The Caatinga cacholote is 25 to 26 cm long. It is a large, crested, furnariid with a long bill. The sexes have the same plumage. Adults are mostly bright reddish-rufous that is somewhat paler on their underparts. Their flight feathers have fuscous tips and the ends of the tail feathers lack barbs. Their iris is yellow. Juveniles have a shorter crest than adults, with some dusky streaks or bars on the face and underparts and a bluish gray iris.

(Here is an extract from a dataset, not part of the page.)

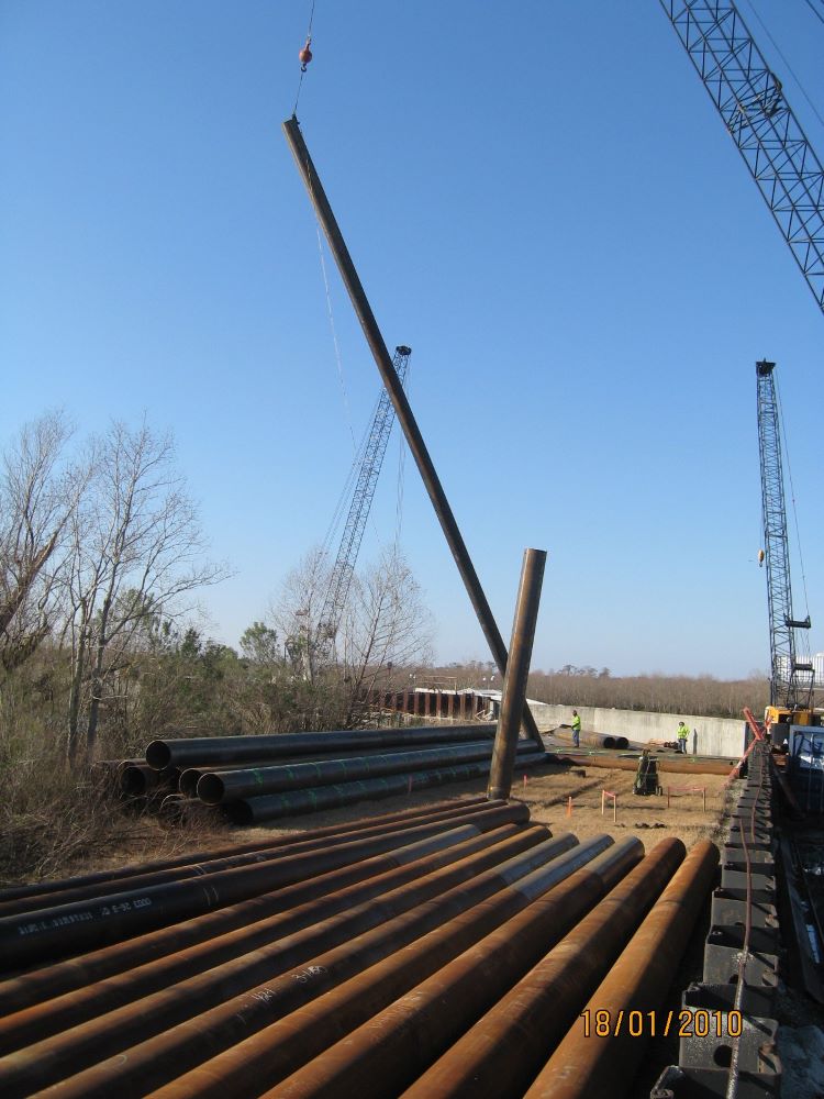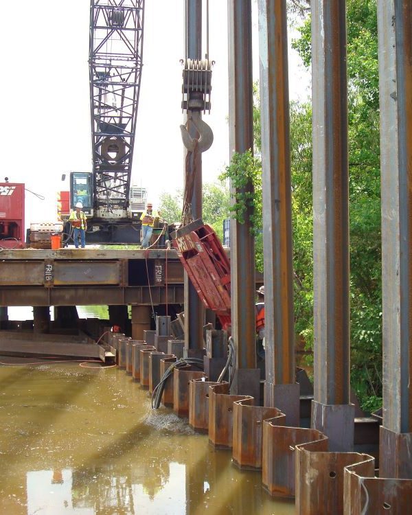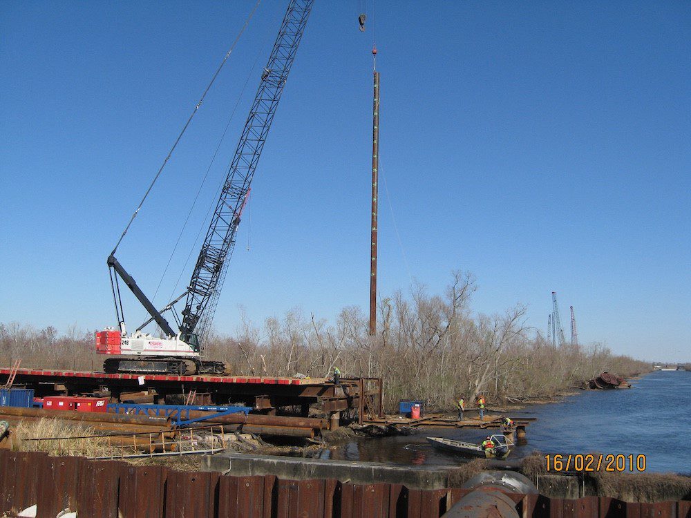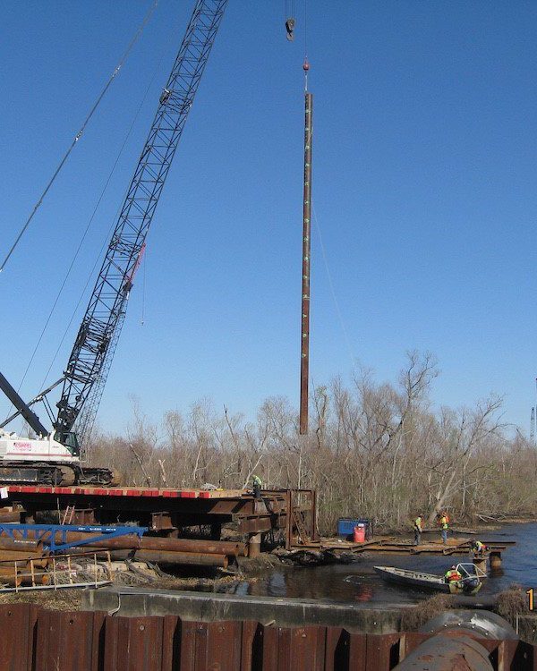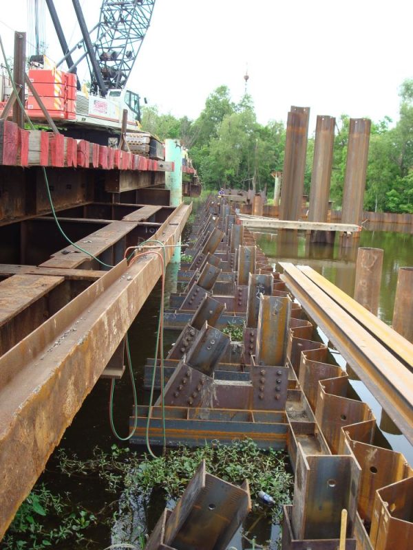 Completed in 2011 by American Bridge, the Estelle Pump Station Work Platform project involved installing and later removing a 476′ temporary work platform with steel pile supports, steel framing, and crane mats. Work was performed by Hill Brothers Construction.
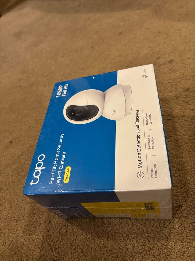 Selling a new in box TP-Link Tapo Smart Pan/Tilt Indoor Security Camera, 360° Motion Tracking, 1080p Full HD WiFi Camera for Pet/Baby, Night Vision, 2-Way Audio, 128 GB Local Storage, Works w/Alexa & Google (Tapo C200) (B04)

==Distribution and habitat==

The Caatinga cacholote is found in eastern Brazil in an area bounded roughly by eastern Maranhão, Paraíba, and central Minas Gerais. It inhabits the woodlands and scrub of the Caatinga biome and also tropical deciduous forest. Away from areas of dense human population it is common around dwellings. In elevation it ranges from 50 to 500 m.

==Behavior==
===Movement===

The Caatinga cacholote is a year-round resident throughout its range.

===Feeding===

The Caatinga cacholote feeds on arthropods and plant material. It usually forages in pairs and usually on the ground, where it probes and digs for its prey.

===Breeding===

The Caatinga cacholote's breeding season has not been defined. Though the species is believed to be mostly monogamous, several observations of breeding pairs included up to four apparent adults, all of whom provisioned nestlings. It is not known if the helpers are related or not to the primary pair. Its nest is a mass of thorny sticks that is typically twice as long as it is wide, placed in a tree fork or on a utility pole. An entrance tunnel near its top leads to an inner chamber lined with pieces of bark and snake skin. One nest in Ceará incorporated a large number of anthropogenic materials including razor blades, a fork, plastic items and fragments, paper, and barbed wire. The clutch size, incubation period, time to fledging, and further details of parental care are not known.

===Vocalization===

The Caatinga cacholote typically sings in duet. One bird, thought to be the male, "gives a long series of well-spaced, very loud, piercing 'tjew' notes". The presumed female replies with "a series of 15–35 well-spaced buzzy 'zjeep' notes". The species' call is "a single 'chuk' ".

==Status==

The IUCN has assessed the Caatinga cacholote as being of Least Concern. It has large range and an unknown population size that is believed to be increasing. No immediate threats have been identified. It is considered common "especially where caatinga [is] severely degraded or overgrazed" and has "extended its range locally where forest has been cleared". In addition, it occurs in several protected areas.